The Hadoop market reached $256 million in vendor revenue during 2012 and is forecast to grow to nearly $1.7 billion in 2017, according to Wikibon, an open source advisory community based in Marlborough, Mass. So veteran developers, architects and data warehousing specialists are spending every spare moment learning the framework for storage and large-scale processing of data sets. If you’re new to Hadoop and are interviewing for a Hadoop-heavy job, be ready to describe your hands-on experience with the framework, advises Jobin Chacko, senior associate, recruitment, for Synechron, an IT solutions firm based in New York City. Click here for Hadoop jobs. Chacko’s job is to determine whether a candidate has amassed enough practical experience to navigate the data and stringent security requirements of the financial services industry. Here are some of the questions he asks newcomers to Hadoop. Have you worked on a go-live project or a prototype?
- What Most People Say: “I’ve dabbled with Hadoop in my spare time.”
- What You Should Say: “I had considerable experience as a data warehouse architect before taking classes to learn Hadoop. Then, to make sure I was ready to handle big data sets, I pulled massive amounts of historical data from the New York Stock Exchange and used the sample database to hone my analytical skills. I also used the data to create programs in MapReduce. You can see samples of my work by visiting my website.”
- Why You Should Say It: If you’re going to hone your skills in a simulated environment, make sure it emulates what you’ll find in the real world, says Chacko.

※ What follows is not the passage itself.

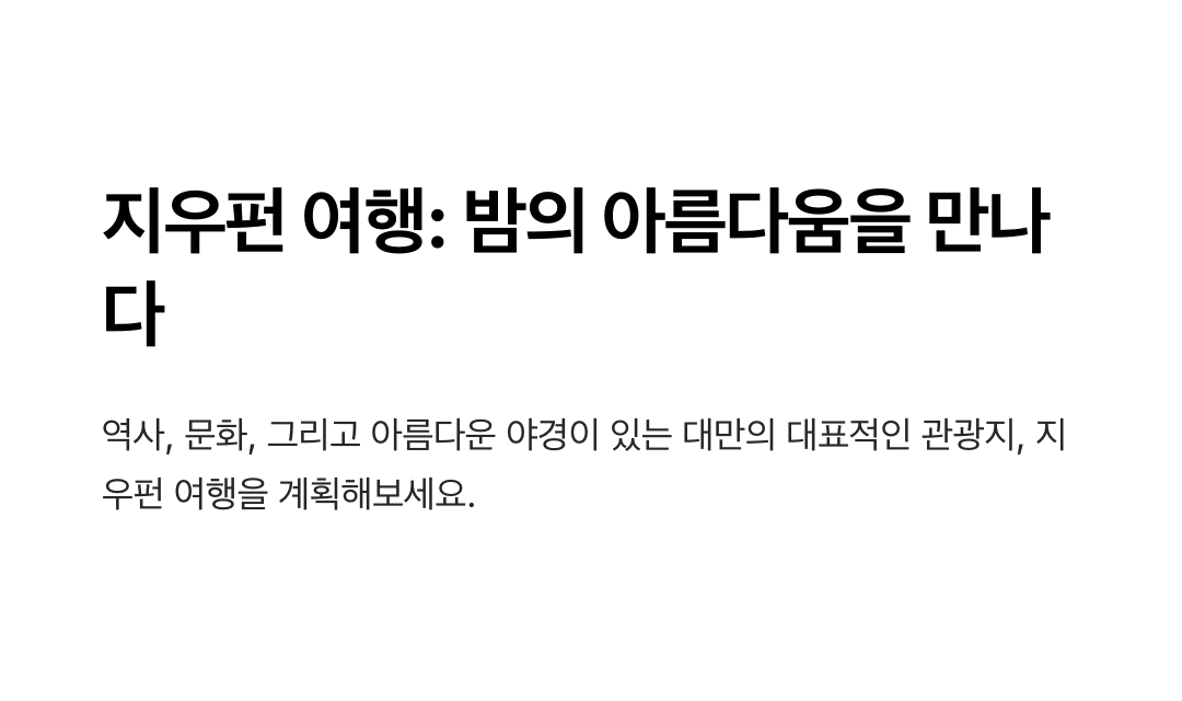 지우펀은 대만의 매력을 한껏 느낄 수 있는 특별한 여행지입니다. 홍등이 밝혀지는 저녁 무렵의 독특한 풍경, 고풍스러운 찻집의 여유로움, 골목 곳곳에서 만나는 현지 간식과 기념품 가게는 여행자들에게 잊지 못할 경험을 선사합니다.

Real jobs require you to handle big, heavy data sets.
How many nodes can be in one cluster?
- What Most People Say: “I would say no more than two to three nodes.”

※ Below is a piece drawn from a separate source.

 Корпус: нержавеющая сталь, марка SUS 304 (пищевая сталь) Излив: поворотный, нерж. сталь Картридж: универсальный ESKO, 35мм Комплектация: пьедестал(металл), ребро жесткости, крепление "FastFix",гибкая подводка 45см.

- What You Should Say: “Hadoop scales out nicely, so the load really depends on the structure and data warehouse configuration. Hadoop can easily handle 10 to 50 nodes.”
- Why You Should Say It: Inspire confidence by showing that you understand Hadoop’s clusters and how to coordinate the parallel processing of data using MapReduce. Also, be sure to highlight your previous experience working with large data sets, even if it didn’t involve Hadoop.
Which NoSQL databases have you worked with?
- What Most People Say: “I’ve worked with Cassandra.”
- What You Should Say: “There are four categories of NoSQL databases. The first is key-values stores. I’ve used Redis, primarily when working with semi-structured data. The second is column value stores. I’ve used Cassandra when I needed scalability and high availability. The third is document databases. When I’ve needed to store and access semi-structured documents in formats like JSON, I’ve used CouchDB. Finally, there’s graph databases like InfiniteGraph.”
- Why You Should Say It: Sometimes, professionals are told to work with an open source database simply because it’s cheap. Unfortunately, they’re not ready for prime time because they have no idea why they’re using it or which NoSQL database is more efficient for processing large quantities of structured, semi-structured or unstructured data.
Which tool have you used for monitoring nodes and clusters?
- What Most People Say: “I haven’t used one.”
- What You Should Say: “I’ve used Nagios for monitoring servers and switches. And I’ve used Ganglia for monitoring the entire grid.”
- Why You Should Say It: “There are approximately 59 tools that can be used with Hadoop,” explains Chacko. “And not all of them can be used at the same time.”
“An experienced IT professional may think they’re qualified because they’ve worked with NoSQL or other databases,” says Chacko. “But when you start asking questions, you realize that they really don’t have hands-on experience with some of the most common tools. In fact, some of them don’t know Hadoop at all.”